→ **WHAT THE EXERCISE ASKS**
Write out the data below in full, unchanged, minus the images.

→ **DATA BLOCK**
|---|

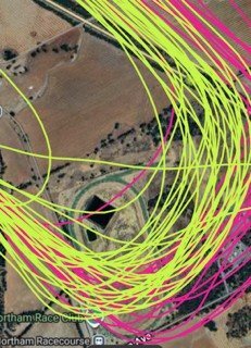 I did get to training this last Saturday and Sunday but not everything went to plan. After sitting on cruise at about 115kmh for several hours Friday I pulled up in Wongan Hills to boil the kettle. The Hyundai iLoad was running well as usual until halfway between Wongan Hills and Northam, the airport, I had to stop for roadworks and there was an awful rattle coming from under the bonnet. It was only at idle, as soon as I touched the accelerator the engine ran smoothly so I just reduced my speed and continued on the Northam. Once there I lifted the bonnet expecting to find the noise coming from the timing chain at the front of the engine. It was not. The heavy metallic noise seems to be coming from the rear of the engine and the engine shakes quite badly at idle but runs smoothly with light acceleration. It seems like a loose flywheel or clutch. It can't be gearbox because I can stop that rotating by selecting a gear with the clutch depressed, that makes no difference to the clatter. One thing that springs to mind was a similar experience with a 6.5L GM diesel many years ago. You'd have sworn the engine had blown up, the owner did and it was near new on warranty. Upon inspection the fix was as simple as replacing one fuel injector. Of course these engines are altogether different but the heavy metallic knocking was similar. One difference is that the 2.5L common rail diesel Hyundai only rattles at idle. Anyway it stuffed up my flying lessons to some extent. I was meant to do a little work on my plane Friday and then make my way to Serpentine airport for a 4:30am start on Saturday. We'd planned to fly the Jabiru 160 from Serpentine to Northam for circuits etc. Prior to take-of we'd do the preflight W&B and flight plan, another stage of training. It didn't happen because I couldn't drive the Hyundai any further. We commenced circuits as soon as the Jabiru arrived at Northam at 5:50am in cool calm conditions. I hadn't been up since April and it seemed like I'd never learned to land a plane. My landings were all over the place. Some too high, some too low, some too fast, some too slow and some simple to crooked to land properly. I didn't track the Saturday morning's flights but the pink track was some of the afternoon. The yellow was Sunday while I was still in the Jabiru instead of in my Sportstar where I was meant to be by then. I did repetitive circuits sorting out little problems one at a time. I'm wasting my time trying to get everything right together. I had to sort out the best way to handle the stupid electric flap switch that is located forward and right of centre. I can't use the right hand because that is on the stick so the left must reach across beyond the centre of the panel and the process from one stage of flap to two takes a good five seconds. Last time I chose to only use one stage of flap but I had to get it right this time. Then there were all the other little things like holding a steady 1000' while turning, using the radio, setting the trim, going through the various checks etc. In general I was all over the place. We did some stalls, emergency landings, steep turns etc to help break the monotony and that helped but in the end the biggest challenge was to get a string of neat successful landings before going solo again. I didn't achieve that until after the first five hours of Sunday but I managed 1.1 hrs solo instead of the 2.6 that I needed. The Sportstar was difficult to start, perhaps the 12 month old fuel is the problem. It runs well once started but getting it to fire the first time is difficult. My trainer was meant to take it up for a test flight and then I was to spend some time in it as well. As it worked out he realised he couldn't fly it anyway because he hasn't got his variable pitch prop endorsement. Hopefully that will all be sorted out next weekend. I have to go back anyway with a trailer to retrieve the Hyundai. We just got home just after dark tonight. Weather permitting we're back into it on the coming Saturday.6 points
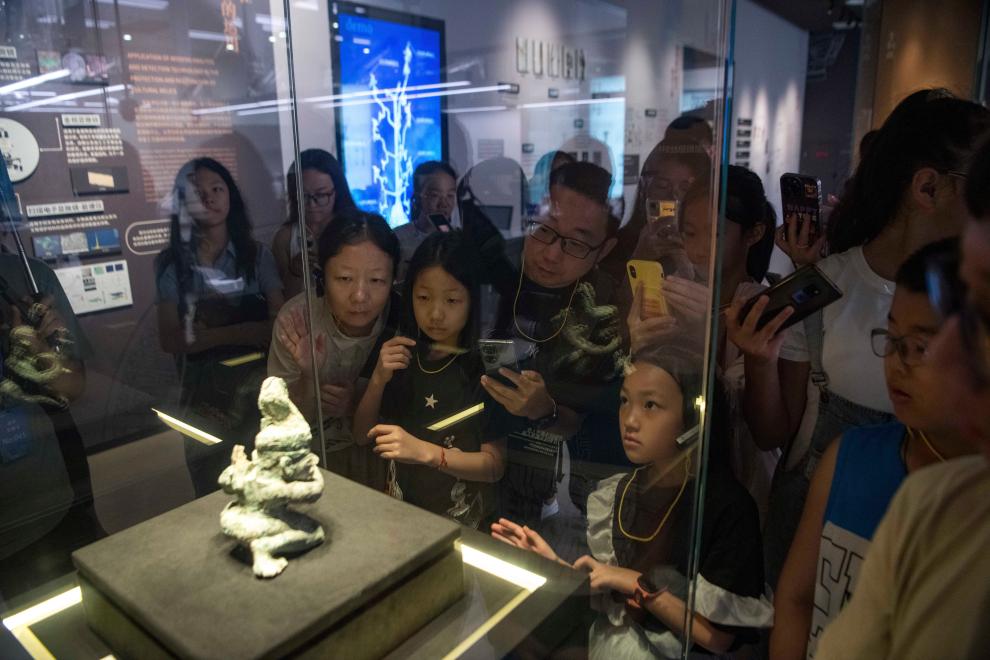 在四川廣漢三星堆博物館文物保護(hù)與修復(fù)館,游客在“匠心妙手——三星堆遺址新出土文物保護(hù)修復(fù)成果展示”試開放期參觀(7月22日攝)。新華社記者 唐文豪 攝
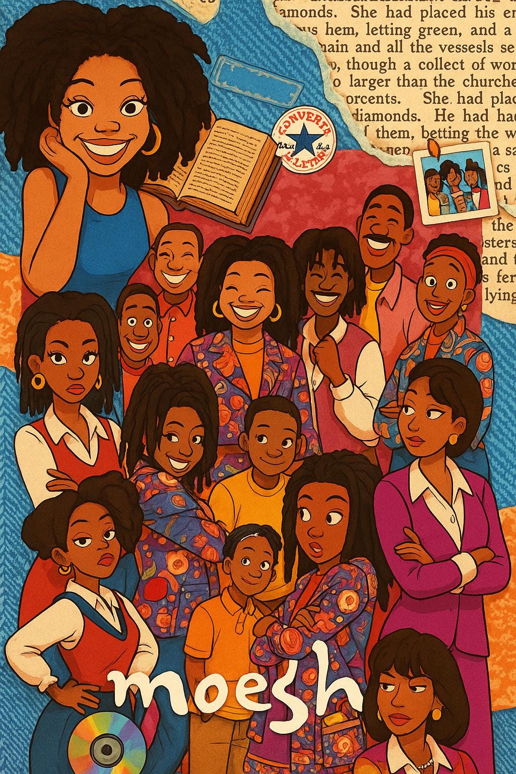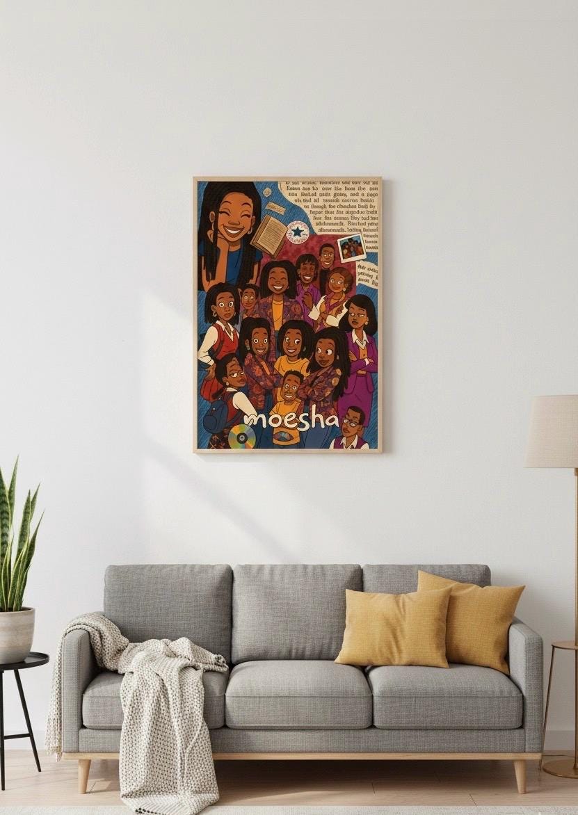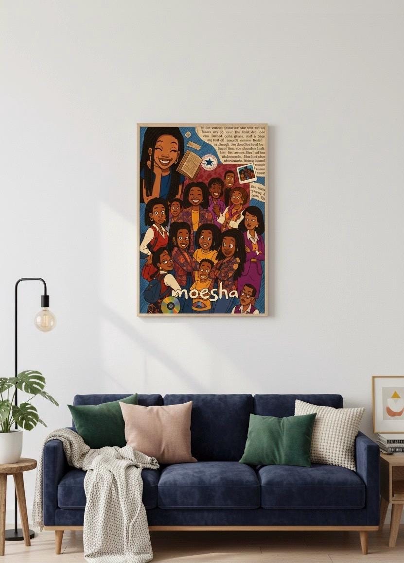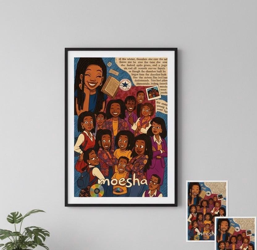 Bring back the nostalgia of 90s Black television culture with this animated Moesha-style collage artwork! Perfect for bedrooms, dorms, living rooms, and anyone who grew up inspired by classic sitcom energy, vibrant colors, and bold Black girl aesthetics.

|---|

→ **SOLUTION TO THIS PROBLEM**
 I did get to training this last Saturday and Sunday but not everything went to plan. After sitting on cruise at about 115kmh for several hours Friday I pulled up in Wongan Hills to boil the kettle. The Hyundai iLoad was running well as usual until halfway between Wongan Hills and Northam, the airport, I had to stop for roadworks and there was an awful rattle coming from under the bonnet. It was only at idle, as soon as I touched the accelerator the engine ran smoothly so I just reduced my speed and continued on the Northam. Once there I lifted the bonnet expecting to find the noise coming from the timing chain at the front of the engine. It was not. The heavy metallic noise seems to be coming from the rear of the engine and the engine shakes quite badly at idle but runs smoothly with light acceleration. It seems like a loose flywheel or clutch. It can't be gearbox because I can stop that rotating by selecting a gear with the clutch depressed, that makes no difference to the clatter. One thing that springs to mind was a similar experience with a 6.5L GM diesel many years ago. You'd have sworn the engine had blown up, the owner did and it was near new on warranty. Upon inspection the fix was as simple as replacing one fuel injector. Of course these engines are altogether different but the heavy metallic knocking was similar. One difference is that the 2.5L common rail diesel Hyundai only rattles at idle. Anyway it stuffed up my flying lessons to some extent. I was meant to do a little work on my plane Friday and then make my way to Serpentine airport for a 4:30am start on Saturday. We'd planned to fly the Jabiru 160 from Serpentine to Northam for circuits etc. Prior to take-of we'd do the preflight W&B and flight plan, another stage of training. It didn't happen because I couldn't drive the Hyundai any further. We commenced circuits as soon as the Jabiru arrived at Northam at 5:50am in cool calm conditions. I hadn't been up since April and it seemed like I'd never learned to land a plane. My landings were all over the place. Some too high, some too low, some too fast, some too slow and some simple to crooked to land properly. I didn't track the Saturday morning's flights but the pink track was some of the afternoon. The yellow was Sunday while I was still in the Jabiru instead of in my Sportstar where I was meant to be by then. I did repetitive circuits sorting out little problems one at a time. I'm wasting my time trying to get everything right together. I had to sort out the best way to handle the stupid electric flap switch that is located forward and right of centre. I can't use the right hand because that is on the stick so the left must reach across beyond the centre of the panel and the process from one stage of flap to two takes a good five seconds. Last time I chose to only use one stage of flap but I had to get it right this time. Then there were all the other little things like holding a steady 1000' while turning, using the radio, setting the trim, going through the various checks etc. In general I was all over the place. We did some stalls, emergency landings, steep turns etc to help break the monotony and that helped but in the end the biggest challenge was to get a string of neat successful landings before going solo again. I didn't achieve that until after the first five hours of Sunday but I managed 1.1 hrs solo instead of the 2.6 that I needed. The Sportstar was difficult to start, perhaps the 12 month old fuel is the problem. It runs well once started but getting it to fire the first time is difficult. My trainer was meant to take it up for a test flight and then I was to spend some time in it as well. As it worked out he realised he couldn't fly it anyway because he hasn't got his variable pitch prop endorsement. Hopefully that will all be sorted out next weekend. I have to go back anyway with a trailer to retrieve the Hyundai. We just got home just after dark tonight. Weather permitting we're back into it on the coming Saturday.6 points
 在四川廣漢三星堆博物館文物保護(hù)與修復(fù)館,游客在“匠心妙手——三星堆遺址新出土文物保護(hù)修復(fù)成果展示”試開放期參觀(7月22日攝)。新華社記者 唐文豪 攝
 Bring back the nostalgia of 90s Black television culture with this animated Moesha-style collage artwork! Perfect for bedrooms, dorms, living rooms, and anyone who grew up inspired by classic sitcom energy, vibrant colors, and bold Black girl aesthetics.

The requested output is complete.